Presentation on theme: "A Writer’s Notebook Adapted from A Writer’s Notebook—Unlocking the Writer Within You by Ralph Fletcher."— Presentation transcript:
A Writer’s Notebook Adapted from A Writer’s Notebook—Unlocking the Writer Within You by Ralph Fletcher
A writer’s notebook is NOT a diary! Writers react. Writers need a place to record these reactions. A writer’s notebook is a place to record these reactions. Your notebook is a place to write down what makes you angry, sad, and amazed, and to write down what you don’t want to forget. Your notebook is a place to live like a writer!
What should I do with my notebook? Write! You get to decide what goes in your notebook. Be observant and look for things that inspire, fascinate, or puzzle you. Do you have stories rumbling around in your head that you want to write down? Explore these questions and ideas in your notebook.
“Writing Small” Jot down details you notice or hear. Start to train yourself to notice details around you-use all your senses. Try to start using more explicit and descriptive words and use fewer vague or general words.

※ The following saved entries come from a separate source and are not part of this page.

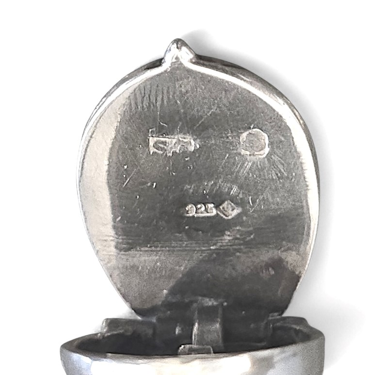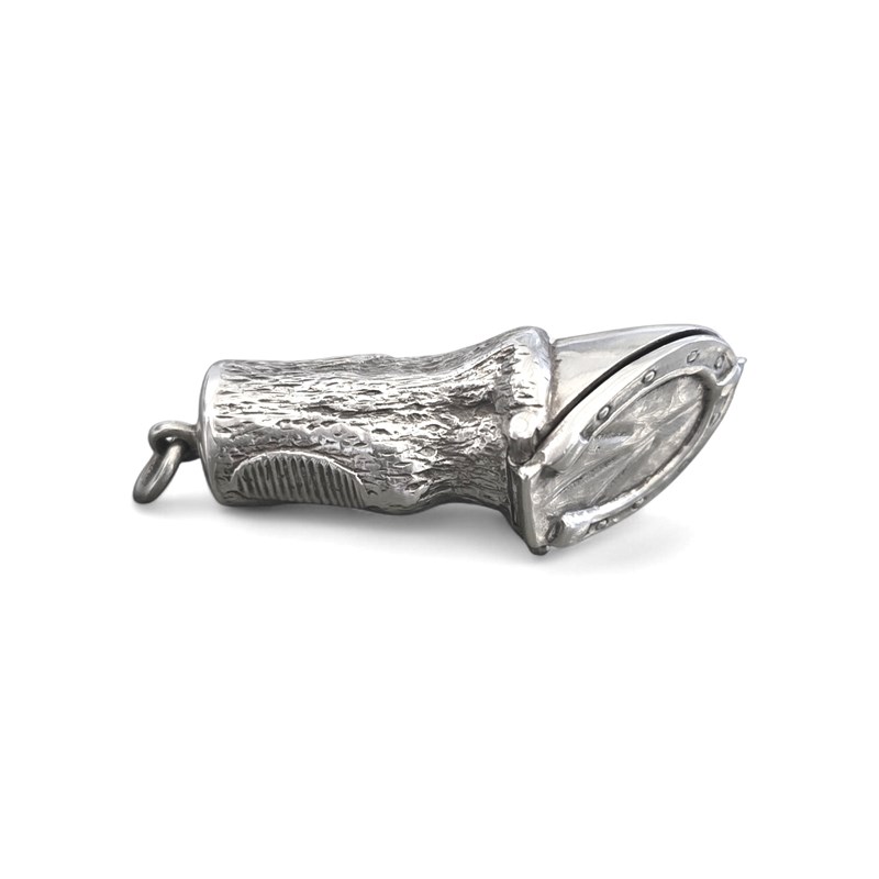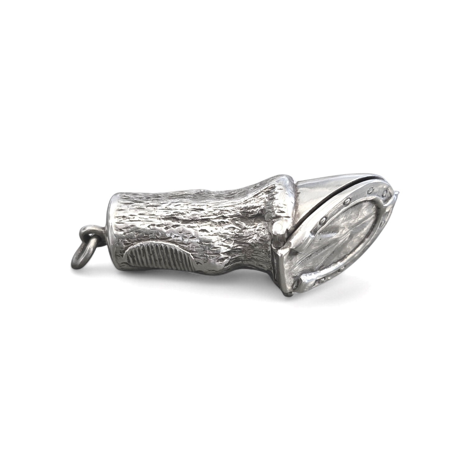 This stunning and rare sterling silver Vesta case with a horseshoe lid, hallmarked .925 by ES, is a beautifully crafted piece of equestrian style. Made in the United Kingdom post-1940, this sterling silver cigarette/vesta case features a unique hoofed foot with horseshoe pattern, adding a touch of charm to any collection. The high-quality craftsmanship and elegant design make it a timeless and stylish accessory for any horse lover or antique enthusiast to keep your matches dry.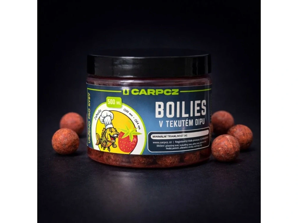 Boilies v tekutém dipu CARPCZ jsou prémiové rybářské boilies zalité aktivním tekutým dipem, které zajišťují okamžitý i dlouhodobý atraktivní účinek u lovného místa. Jsme český výrobce rybářských nástrah a všechny naše produkty vznikají na základě vlastního vývoje a testování v reálných podmínkách. Díky tekutému dipu dochází k postupnému uvolňování atraktorů, aromat a chuťových složek přímo do okolí nástrahy. Boilies tak pracují okamžitě po vhození do vody a zůstávají dlouhodobě účinné i při delším lovu.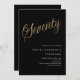 Um convite moderno e na moda para uma festa de aniversário 70 para ele e para ela. Fundo preto e a palavra Sessenta escrita com letras de ouro falsas. Personalize e adicione um nome e detalhes da parte.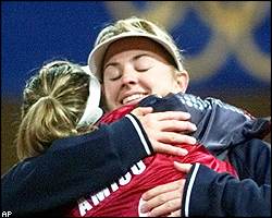 |  | | Jennifer McFalls, who scored the winning run over Australia, hugs teammate Christie Ambrosi after the 1-0 victory by the U.S. put them in the gold-medal game.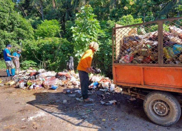 Sekretaris DLH Parepare, Budi Rusdi bersama petugas kebersihan melakukan peninjauan sekaligus mengangkut tumpukan sampah dari lokasi yang selama ini dijadikan warga sebagai tempat pembuangan sampah.

“Seed Ideas” Use your notebook to write down ideas that may later “sprout” into a final piece of writing. When you think of something you might want to write about, jot it down. At some point you may want to go back to that idea, and work with it or combine it with another idea. Be patient-don’t expect your ideas to grow too fast! Give them time!
“Mind Pictures” Start to train yourself to use your senses to help you picture your world. Use all five senses like a camera and capture the images you see around you. Be honest, open, and thorough in your descriptions.
“Dreams” You can get into the habit of writing down your dreams before you forget them.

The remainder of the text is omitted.